La soirée restera dans les annales du Festival.
Le spectacle était sur la scène et dans la salle.
Au cours de l’énoncé du palmarès, ce sont rien moins que Sergio Castellitto et Ettore Scola (président d’honneur du Festival) qui ont manifesté leur soutien.
Dimanche matin, les frères Taviani ont envoyé un message de soutien.
Dimanche 27 septembre 2015
Les lendemains de Palmarès d’Annecy, c’est dimanche et le temps des "rattrapages".
Le matin, projection des Contes italiens (Maravgioso Boccacio) des frères Taviani que nous avons vus et admirés. Alors comment résister à une promenade dans le gigantesque marché qui investit la vieille ville dans lequel déambulent mêlés, touristes et habitants.
* Nessuno si salva da solo (Personne ne se sauve tout seul) de Sergio Castellitto (2015).
Il s’agit de l’adaptation du roman homonyme de sa femme, Margaret Mazzantini qui est aussi la scénariste. Le sujet peut paraître banal et a déjà été maintes fois traité : celui d’un couple qui s’est tant aimé et qui se défait complètement. Delia e Gaetano se retrouvent au restaurant pour régler la garde des deux enfants pendant les vacances. Leur conversation tourne rapidement au règlement de comptes dans laquelle les flashbacks reparcourent ce qu’a été leur histoire commune et comment ils en sont arrivés là.

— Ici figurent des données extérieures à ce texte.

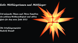 In diesem Sinne wünsche ich Ihnen allen und Ihren Familien ein friedliches und segensreiches Weihnachtsfest sowie für das neue Jahr 2023 Gesundheit, Frieden und ihr ganz persönliches Glück, zu dem für die meisten Menschen neben der Familie auch das Wohlfühlen in ihrer Gemeinde zählt - dazu können wir alle beitragen. Mögen Ihre persönlichen Wünsche alle in Erfüllung gehen.
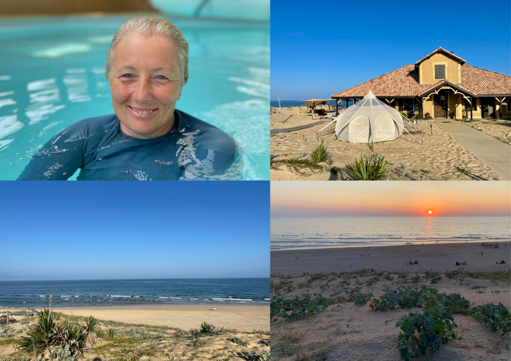 Dans le magnifique cadre du Beach Camp Temple, sur la dune de Vieux-Boucau, face à l’océan, cette deuxième édition du séjour “De l’eau à la terre” a invité les participantes à une renaissance par des soins d’ostéopathie aquatique, alliés à des pratiques de conscience corporelle, telles que des massages, des séances matinales de réveil musculaire sur la plage, ainsi qu’un atelier sur les 5 sens et un voyage sonore.
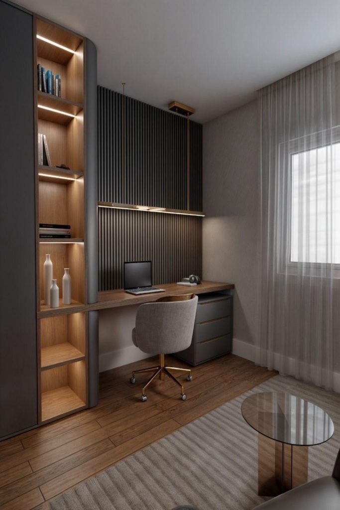 This zen-inspired desk setup is pure tranquility! A low-profile bamboo desk is paired with a cushioned stool, styled with a single bonsai and stone accents. The neutral palette and clean lines create a serene workspace. I’ve designed calming offices, and this one nails the minimalist zen vibe. Perfect for focus and clarity! Want a peaceful home office? Pin this for ideas. Share your zen decor tips in the comments to inspire others.
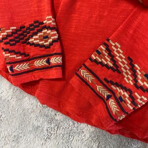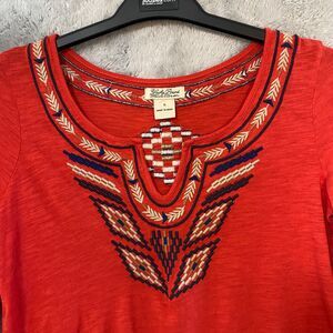 Lucky Brand Top Orange Southwestern Embroidered Arrow Aztec Peasant Shirt SP
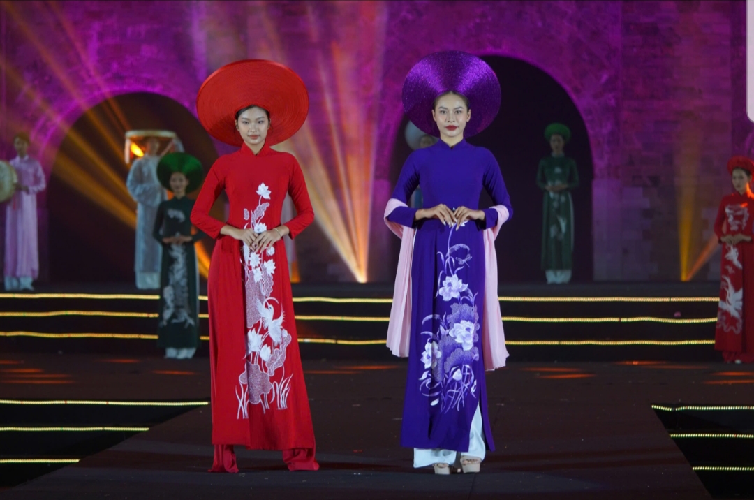 Các người mẫu trình diễn áo dài trong đêm bế mạc |
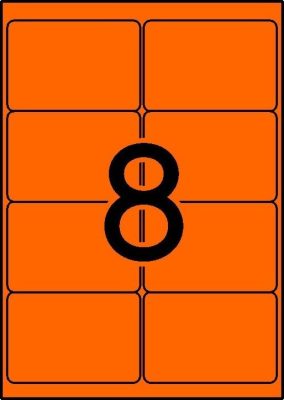 • APLI No. 12986 neon narancssárga színű 99,1 x 67,7 mm méretű, lézernyomtatóval nyomtatható, öntapadós etikett címke, permanens ragasztóval A4-es íven - kiszerelés: 800 címke / 100 ív (LCA12986)
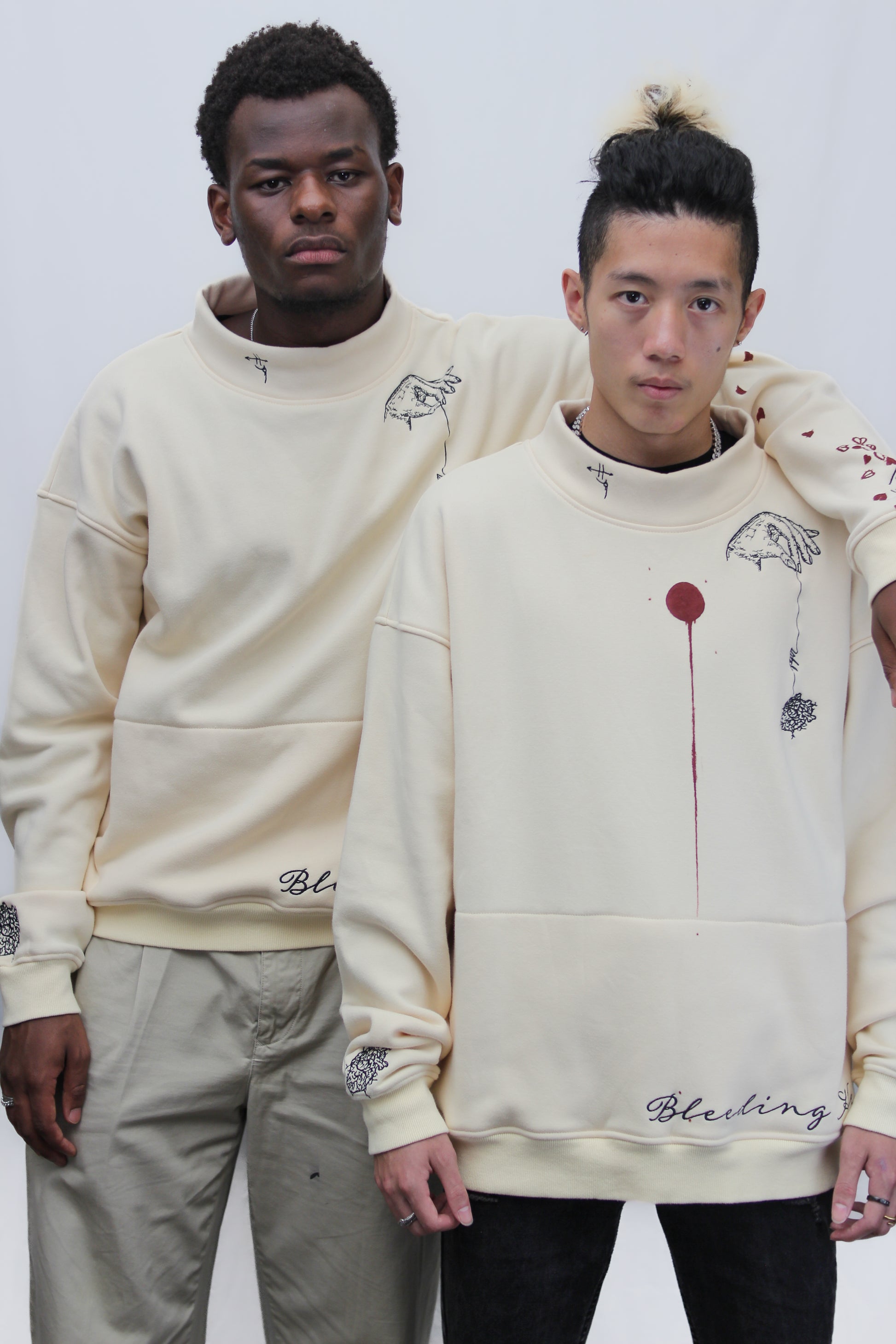 Each piece is unique, with a blood pattern hand-stained onto each piece, representing how each item has the blood of the creators at its core. This pattern makes each piece a one-of-a-kind piece, with the only repeating elements being the design and the heart stitched into the sleeve. The embroidered heart on the sleeve represents the importance of keeping your heart, what you love, or your passion close to you at all times.

Fond et forme reprennent donc des figures connues.
Ce qui fait que le film mérite d’être vu tient en premier lieu à la qualité de l’interprétation des deux personnages, interprétés par Riccardo Scamarcio et Jasmine Trinca (l’une de ces actrices de la nouvelle génération dont nous parlions hier et qui ici surprend par la facilité avec laquelle elle endosse les changements, y compris physiques, de Delia). Castellitto aborde d’autres sujets que celui de la dissolution de ce couple, ce qui donne au film une dynamique due aux changements de ton.
* A tempo debito de Christian Cinetto (2015).
Ce documentaire, prix du jury lycéen, relate une expérience menée dans un centre carcéral de Padoue où le réalisateur a entrepris de conduire un atelier de court métrage avec des détenus. Le casting rassemble une quarantaine de candidats parmi lesquels quinze seront choisis. L’atelier se déroule sur plusieurs mois, ce qui donne l’occasion de connaître ces détenus, non pas par ce qu’ils ont fait pour se retrouver derrière les barreaux, mais pour ce qu’ils sont individuellement et en groupe. Une heure vingt durant lesquelles le monde carcéral ne disparait certes pas mais respire un autre air.
* Cinéma Jacques Perrin de Emmanuel Barnault en collaboration avec Jean Gili) (2015).
Le titre vient de ce qu’une salle de Tarare dans le Rhône porte ce nom. On a l’impression de connaître par cœur les films dans lesquels Jacques Perrin a joué. Il ne s’agit pas tant ici de faire preuve d’exhaustivité que de parcourir, avec lui les étapes d’une carrière commencée très jeune, d’abord au théâtre, ce que l’on sait peu où Zurlini le découvre et l’entraîne dans ses rôles italiens. Les entretiens permettent de mieux cerner l’ensemble de son travail, en particulier en tant que producteur. Belles rencontres avec Trintignant et Costa Gavras. À guetter lors d’un passage télé, voire, qui sait, en salle.